Abbas also is concerned Kerry is retreating from a solution for Jerusalem proposed by then-President Bill Clinton in 2000 — Arab neighborhoods to Palestine, Jewish areas to Israel. The Palestinians fear if they OK a vague reference to Jerusalem in Kerry’s plan, they will get a capital on the city’s edge.
In previous talks, Palestinians agreed to minor land swaps. Palestinian officials have said Kerry is now asking them to take into account ‘‘subsequent developments,’’ meaning Israeli settlements. Israel has said it wants to annex ‘‘settlement blocs,’’ which according to some officials could mean 12 percent of the West Bank, or six times as much land area as Abbas previously offered to swap.

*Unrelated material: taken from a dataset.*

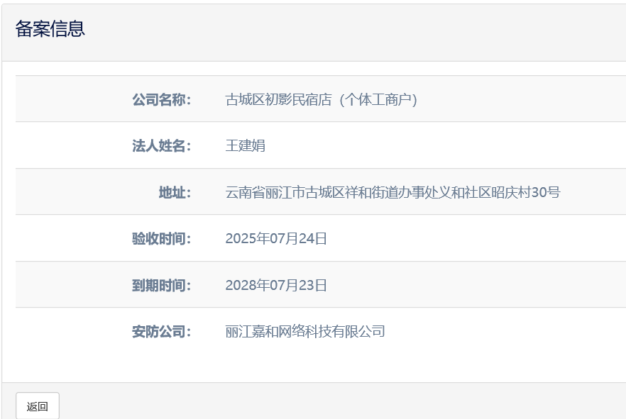關(guān)于古城區(qū)初影民宿店(個(gè)體工商戶)電子監(jiān)控安防合格證下證通知

Abbas wants to avoid saying no to Obama and Kerry for now. Both Abbas and Netanyahu fear being blamed for derailing US peace efforts, which resumed when Kerry got the two sides back to the table in July for nine months of talks.
Rebuffing the United States would mean a major reversal of Abbas’s political strategy, based on close ties with Washington.
For Abbas, extending the negotiations would be the least damaging of three bad choices. In committing to nine months of talks with Israel last July, Abbas put aside his longstanding objections to negotiating while Israel continues to expand settlements.